Сергей внезапно заметил за собой, что судорожно поджимает пальцы на ногах, точно от холода, — а это еще что за идиотизм? Распрямляемся, плечи шире! По большому счету, ему наплевать, что они там говорят!.. Да только голова словно без его участия упрямо разворачивалась в одном и том же направлении: у Эльфа оказались красивые глаза и капризная ямочка на подбородке. Странно, ему всегда нравились высокие и чтоб с ногами от ушей, а эта маленькая. Сидит себе, улыбается, покачивая носком босоножки, и смотрит только на него… Или это просто кажется?

— Не зевай! — предупредил Эдик и нанес внушительный удар в корпус, прямо под солнечное сплетение. Сергей не успел закрыться и согнулся пополам, чертыхаясь сквозь зубы.

Янка поморщилась, будто от зубной боли: вот поэтому она терпеть не может все эти контактные виды спорта:

— Пошли! Мы на них плохо действуем.

Глава пятая. Мама

Понимание — всего лишь частный случай непонимания.

Козьма Прутков

Кот, как полагается, встречал хозяйку у двери: танцевал на задних лапах, задушевно мяукал и вовсю размахивал хвостом.

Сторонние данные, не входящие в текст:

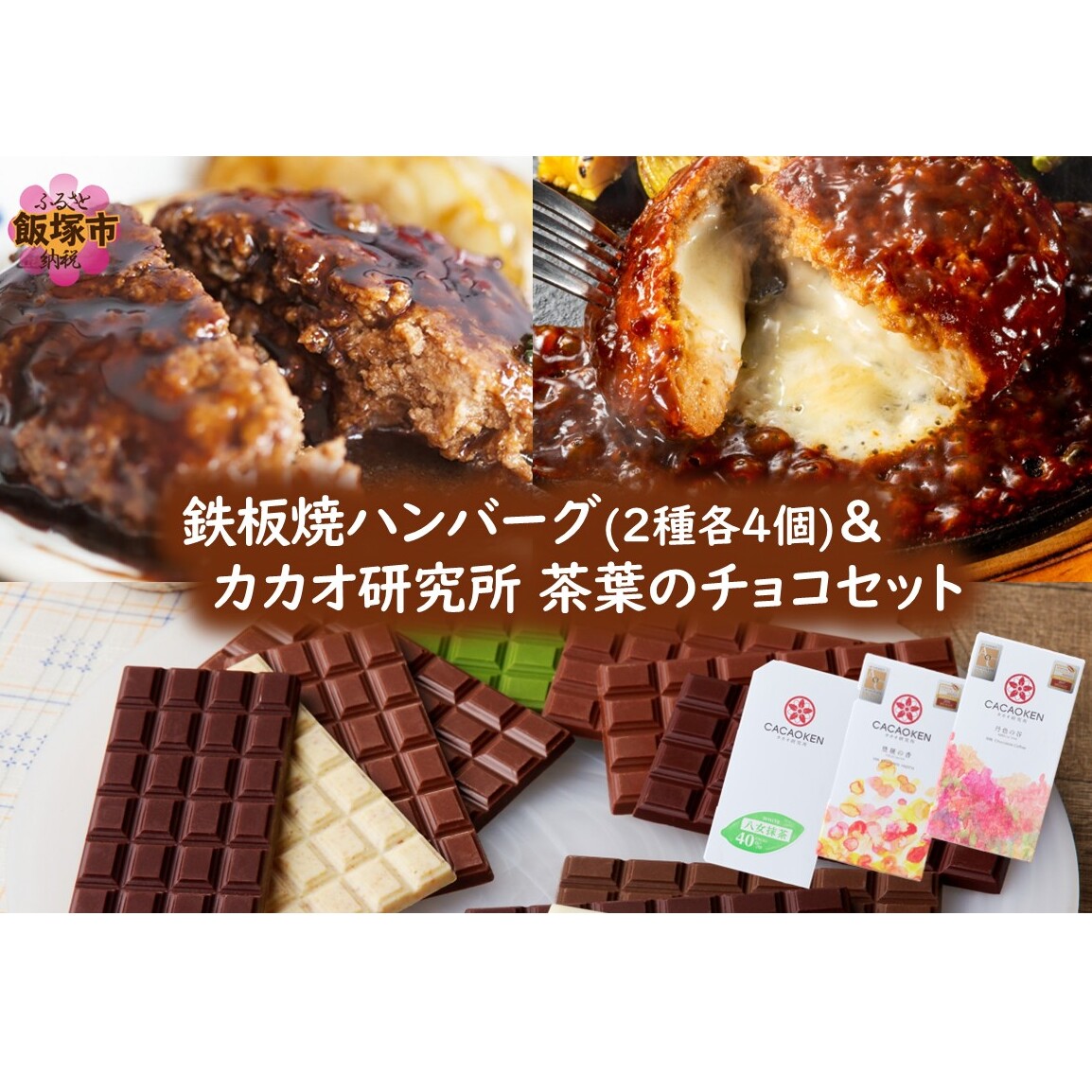 7. 鉄板焼ハンバーグ(2種各4個)&カカオ研究所 茶葉のチョコセット【B3-089】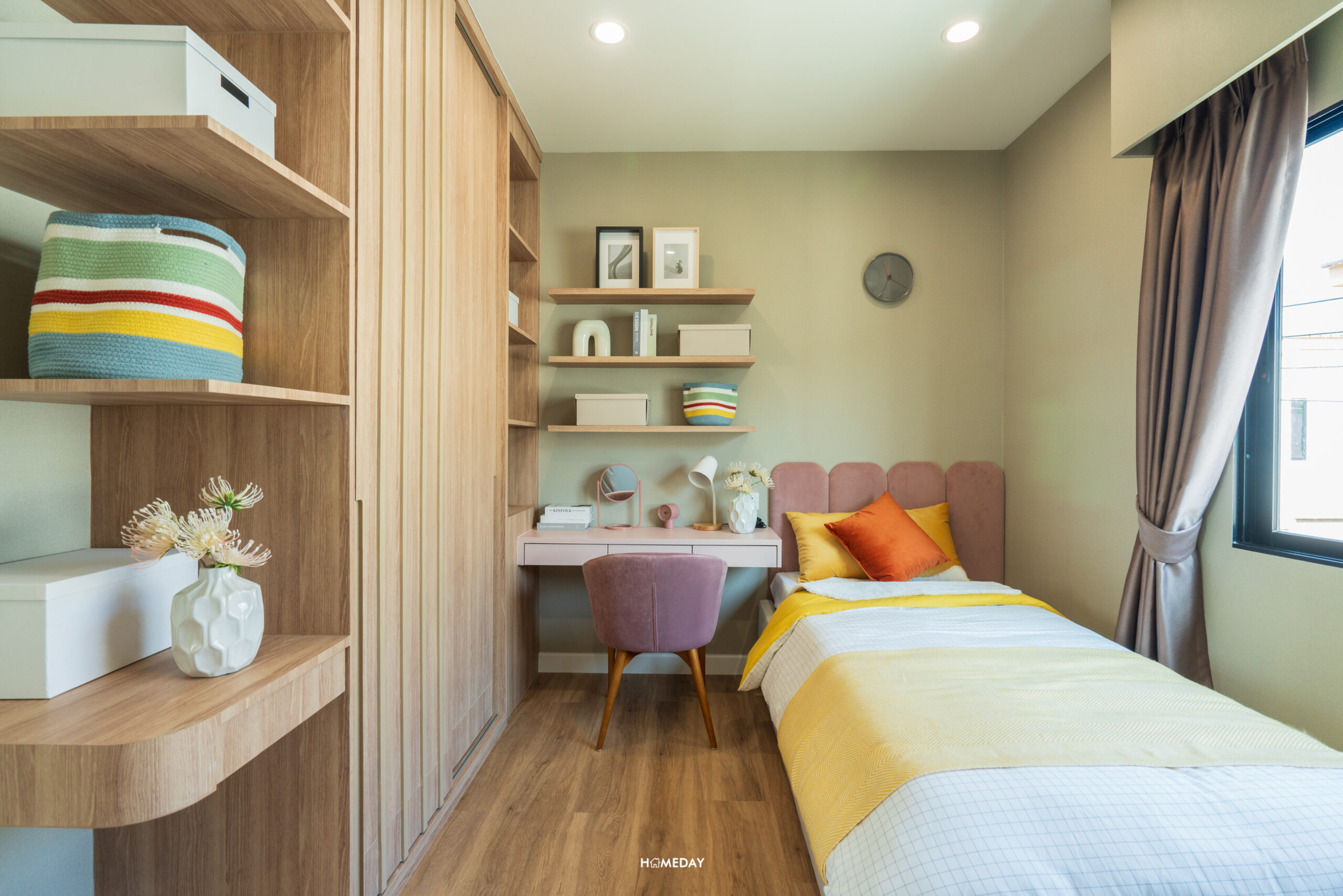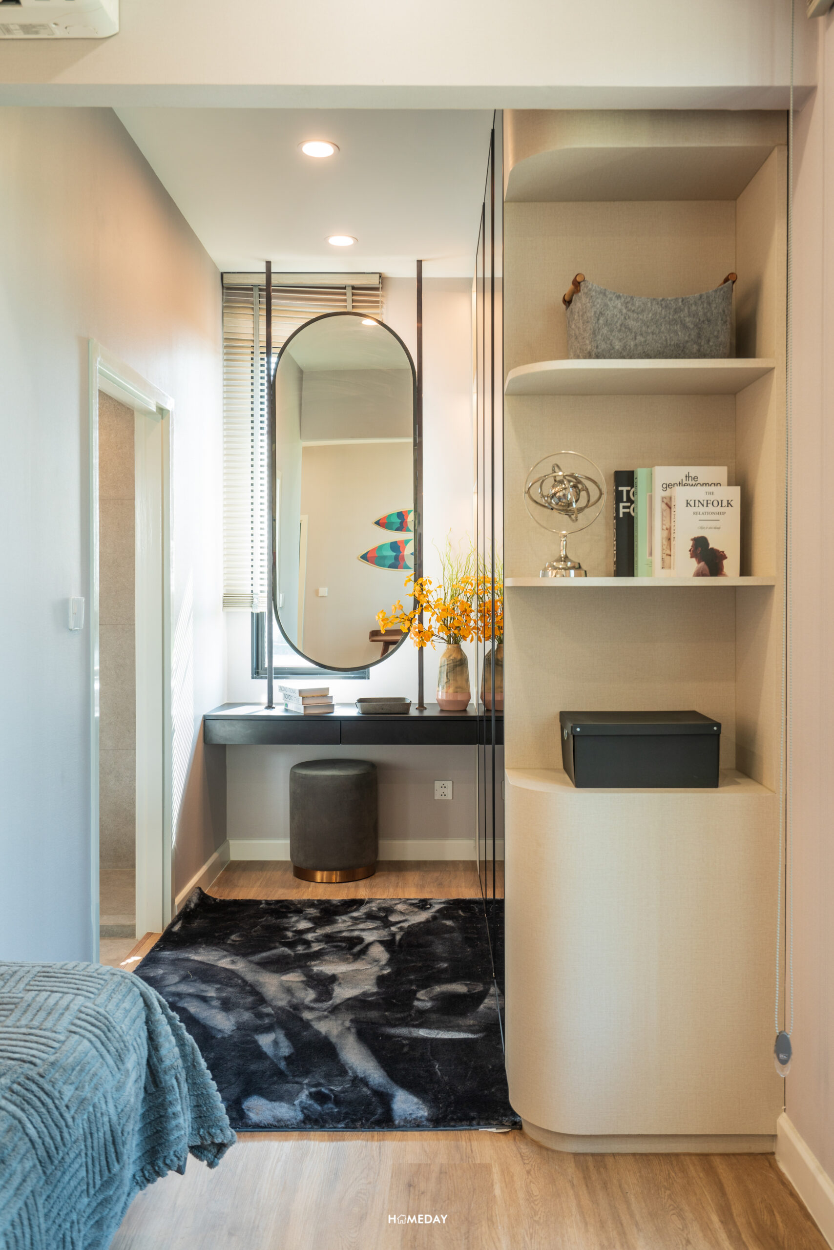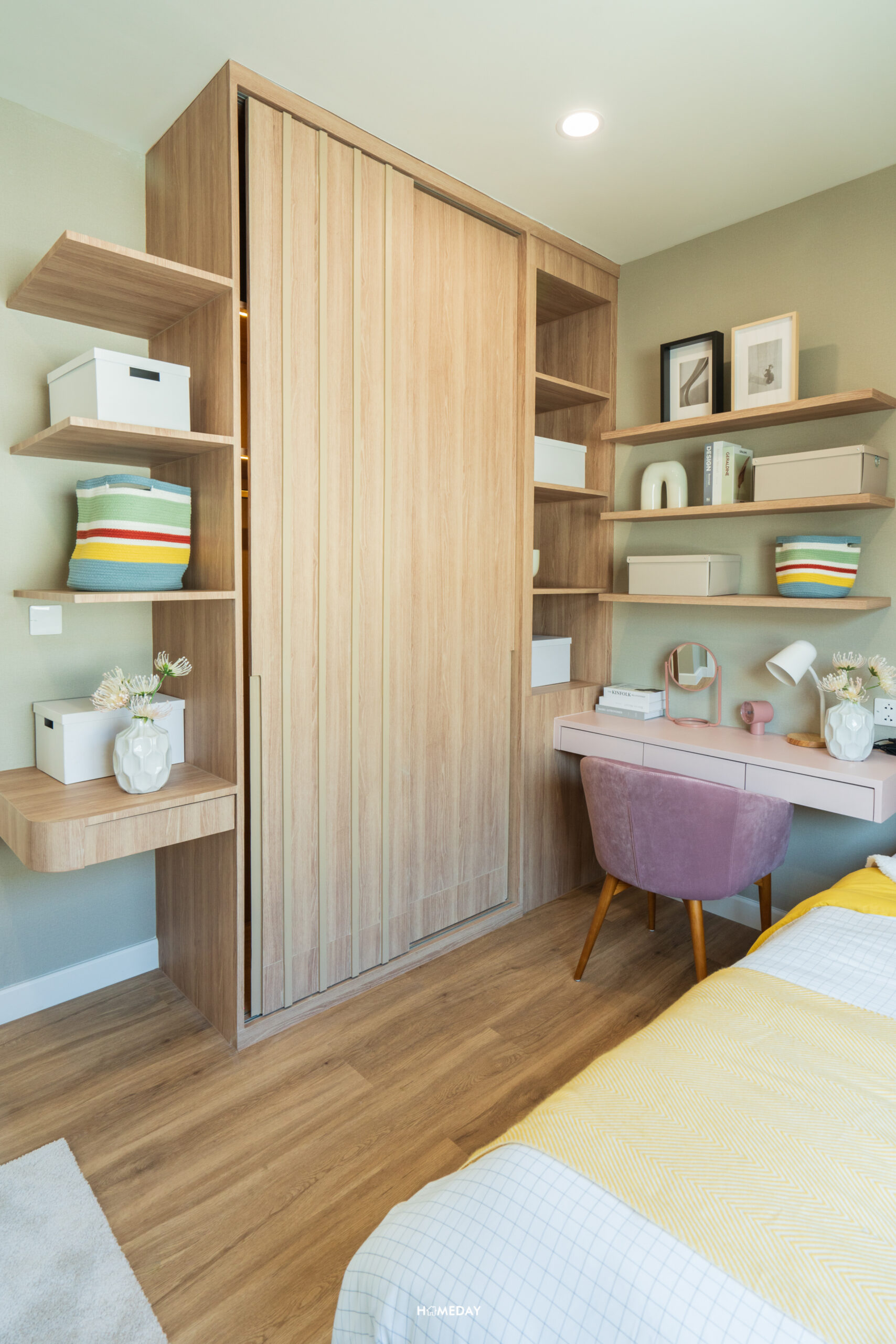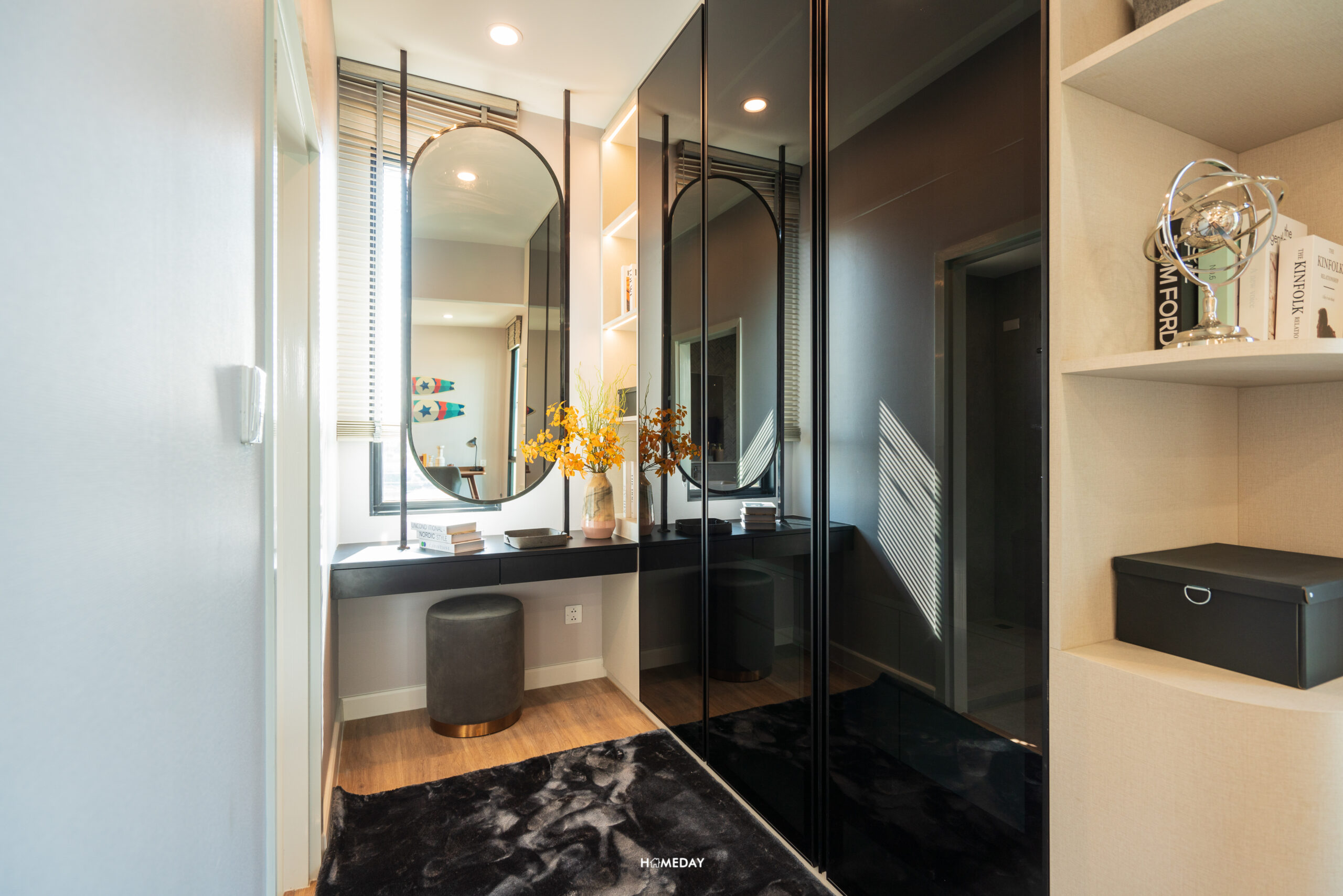 หันมาที่อีกฝั่ง ทางด้านซ้ายมือติดกับประตูทางเข้า มุมนี้เป็นพื้นที่ผนังด้านหน้าห้องน้ำ ที่เราสามารถใส่ตู้เสื้อผ้าบิลต์อินและโต๊ะเครื่องแป้งได้อย่างลงตัวครับ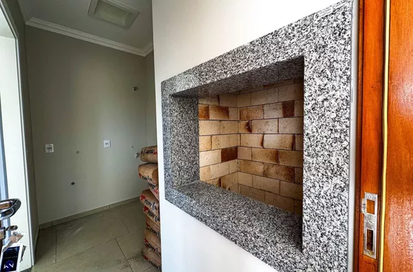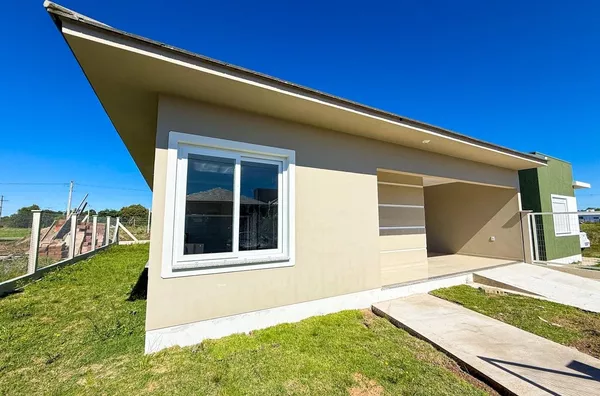 Com 2 dormitórios sendo 1 suíte, sala, cozinha, banheiro social, lavanderia, piso porcelanato, aberturas em Pvc, pátio fechado e abrigo para carro.

Соблюдая ежедневный приветственный ритуал, Яна подхватила его на руки:

— Гаврюха, привет!

Мама, судя по всему, давно ее караулила: выскочив из гостиной, даже не поздоровалась, а начала прямо с места в карьер:

— Почему ты не в художке?

— Я с аэробики. Я устала, — Янка с размаху плюхнулась на диван, не выпуская из рук кота, и по старой привычке подобрала ноги. «Значит, нормально переодеться не получится," — с каким–то вымученным олимпийским спокойствием заметила про себя. Только вот надолго ли его, спокойствия, хватит?..

Гаврюха ластился к ней по полной программе: игриво толкал ушастой головой, распушивал роскошный, похожий на трубу хвост, приглушенно мурлыкал и ворчал, напоминая по звучанию хорошо смазанный мотор. Явно выпрашивал свою колбасу. Как–то не укладывалось в голове, что всю эту богатейшую звуковую гамму издает один и — скажем прямо! — не таких уж гигантских габаритов кот. Вот голова у него большая, это да — широкая и лобастая, как у математического гения, этим он сильно отличается от остальных кошачьих сородичей. Но Янку это никогда не смущало, скорей наоборот — она еще с самого начала авторитетно всем заявила: «Широкий лоб — значит, умный, много мозгов.»

И в самом деле, их Гаврюха по многим параметрам не вписывался в обычное определение «домашнего животного», аж никак! Уже не раз Яне казалось, что кот исподтишка за ними всеми наблюдает и складывает о каждом свое (причем далеко не всегда благосклонное!) мнение. Не зря ведь она пришла в неописуемый восторг от ловко подсунутой папой новой книжки, которая так и называлась: «Жизненная философия кота Мура». (Кажется, Гоффмана.) Книжный котяра там в строгом секрете от хозяина выучился читать и писать, чтоб на закате жизни накатать свои мемуары и издать их солидным тиражом. С тех пор Янку временами одолевали не очень умные мечты…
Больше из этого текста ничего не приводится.